We’ve seen some substantial declines in the price levels of some of the Chinese tech stocks. And optically, they look very cheap compared to their history, and compared to some of their Western peers. A question we get asked a lot is, is it time to buy them.
So, the question is, what’s changed? The geopolitical environment, or the macropolitical environment for them, in terms of their relationship with both the US stock exchange regulator and, also, with the Chinese government, that remains extremely difficult.
Things may have gone a bit quieter, but the shift that started in October 2020, with the crackdown on some of the internet names, seems to be continuing. And so, from that point of view, things don’t seem to have gotten any better.
Has the growth opportunity in the Chinese economy got any better? These are, fundamentally, e-service and e-commerce names. No, it looks extremely weak. The real estate market looks broken, and that feeds through to the consumer, which feeds through to e-services and e-commerce. So, from that point of view, nothing, particularly, has improved.

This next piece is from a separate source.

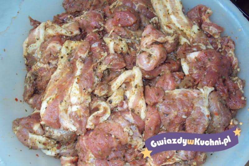 Wszystkie przyprawy mieszamy ze sobą. Karkówkę myjemy,kroimy ją na paski o grubości 1 cm. Pokrojoną karkówkę posypujemy przyprawami, odstawiamy w misce do lodówki na 10 godzin. Po 10 godzinkach pieczemy na złoty kolor na grillu. Smacznego.

Has the corporate governance of these stocks improved? Again, it’s really hard to point to a positive. We’ve seen some relistings in Hong Kong, but I’m not sure Hong Kong offers any additional regulatory scrutiny that the SEC doesn’t in the US.
We’ve not seen any substantial changes, in terms of boards or management, or some of the VIE structures within these names. And although valuations are cheap, buying emerging market stocks, particularly troubled ones, just because they’re cheap, it has, in my nearly 30 years in the industry, always come with a lot of risk. So, we continue to look for a change to the positive, but for now, we don’t see it.